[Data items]

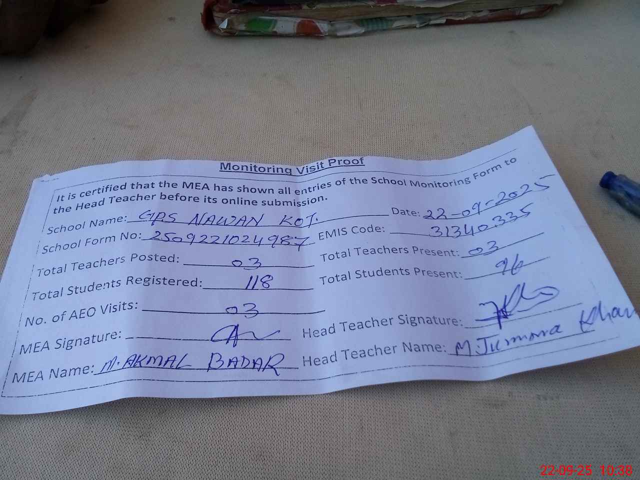 | Attendance Register | Head Teacher | MEA with School | Visit Proof |
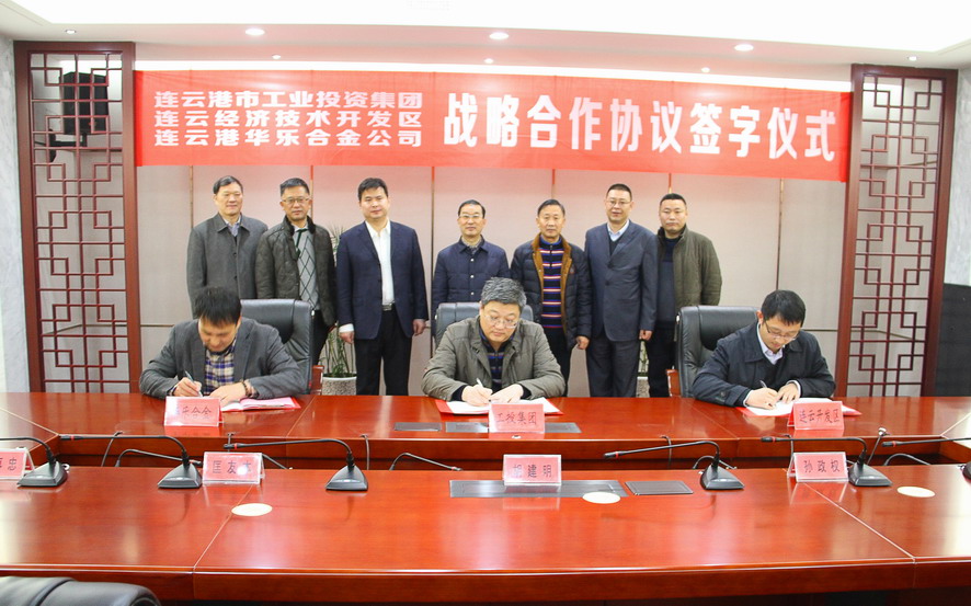 1月4日上午,爱体育首页(中国)网页版公司与连云经济开发区、连云港华乐合金公司举行战略合作协议签约仪式,爱体育首页(中国)网页版公司总经理胡建明、总会计师匡友本,连云区委常委、连云开发区党工委书记张其兵,连云港华乐合金公司董事长陆大淦等出席签约仪式。
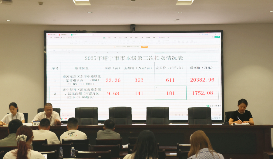 9月16日,2025年遂宁市市本级第三次土地拍卖会在市公共资源交易服务中心举行。竞拍现场,5家房地产开发企业争相竞价,成功竞拍两块土地,涉及面积43.04亩,成交金额共计22135.04万元。
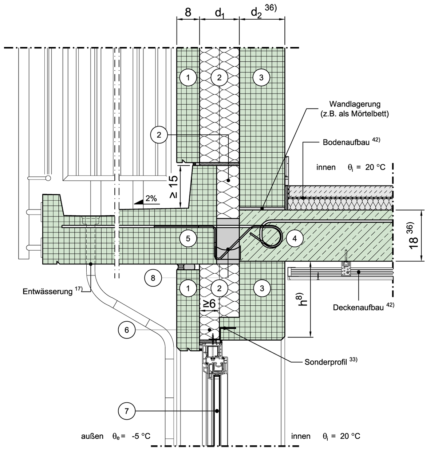 | 3 | Dicke der tragenden Schicht der Außenwand | d | m |
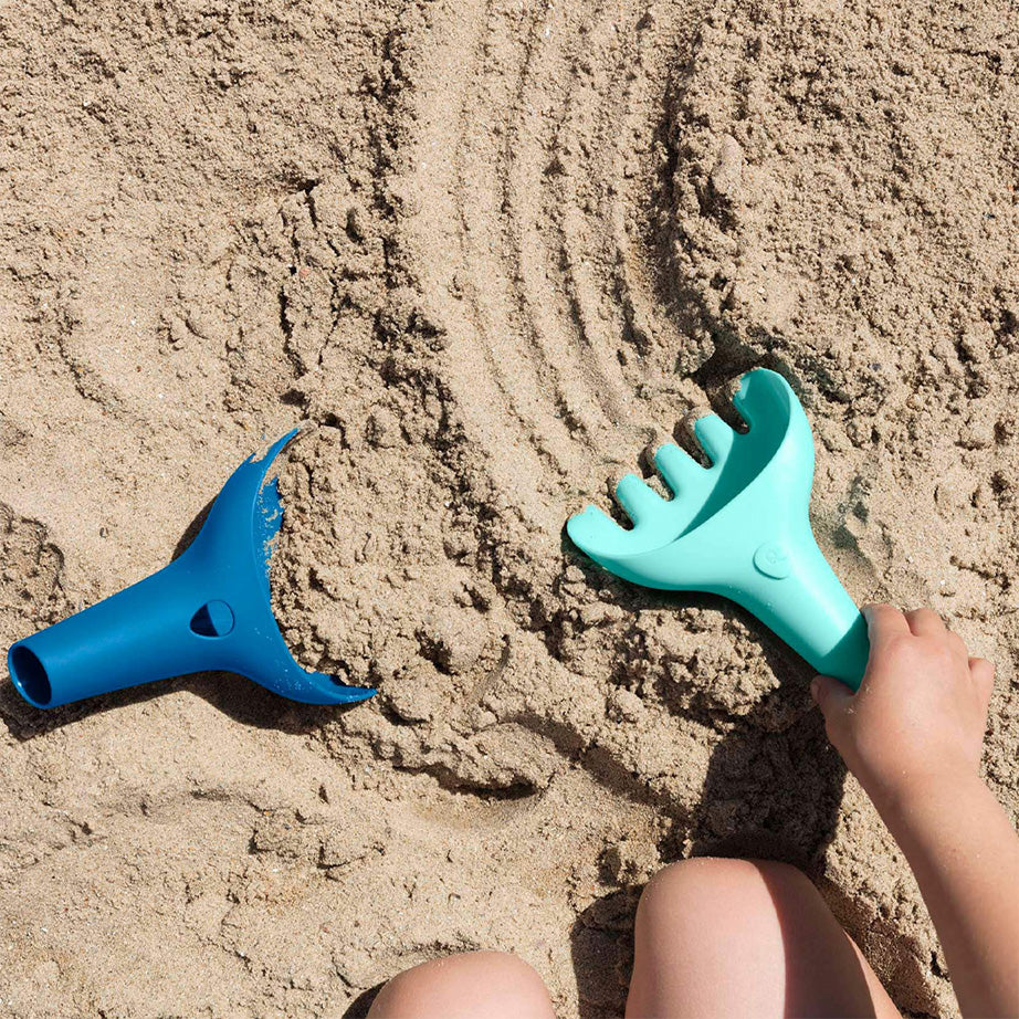 Dig, rake, sift, and pour with the versatile Raki from Quut. This two piece tool can be used as a rake, scoop, or digger in the garden or at the beach. Made of sturdy but lightweight plastic, it clicks and snaps together for easy transport and storage.

THE PROBLEM -
Every record above must be copied exactly, and no picture may appear in the copy.

SOLUTION TO THIS PROBLEM -
 | Attendance Register | Head Teacher | MEA with School | Visit Proof |
 1月4日上午,爱体育首页(中国)网页版公司与连云经济开发区、连云港华乐合金公司举行战略合作协议签约仪式,爱体育首页(中国)网页版公司总经理胡建明、总会计师匡友本,连云区委常委、连云开发区党工委书记张其兵,连云港华乐合金公司董事长陆大淦等出席签约仪式。
 9月16日,2025年遂宁市市本级第三次土地拍卖会在市公共资源交易服务中心举行。竞拍现场,5家房地产开发企业争相竞价,成功竞拍两块土地,涉及面积43.04亩,成交金额共计22135.04万元。
 | 3 | Dicke der tragenden Schicht der Außenwand | d | m |
 Dig, rake, sift, and pour with the versatile Raki from Quut. This two piece tool can be used as a rake, scoop, or digger in the garden or at the beach. Made of sturdy but lightweight plastic, it clicks and snaps together for easy transport and storage.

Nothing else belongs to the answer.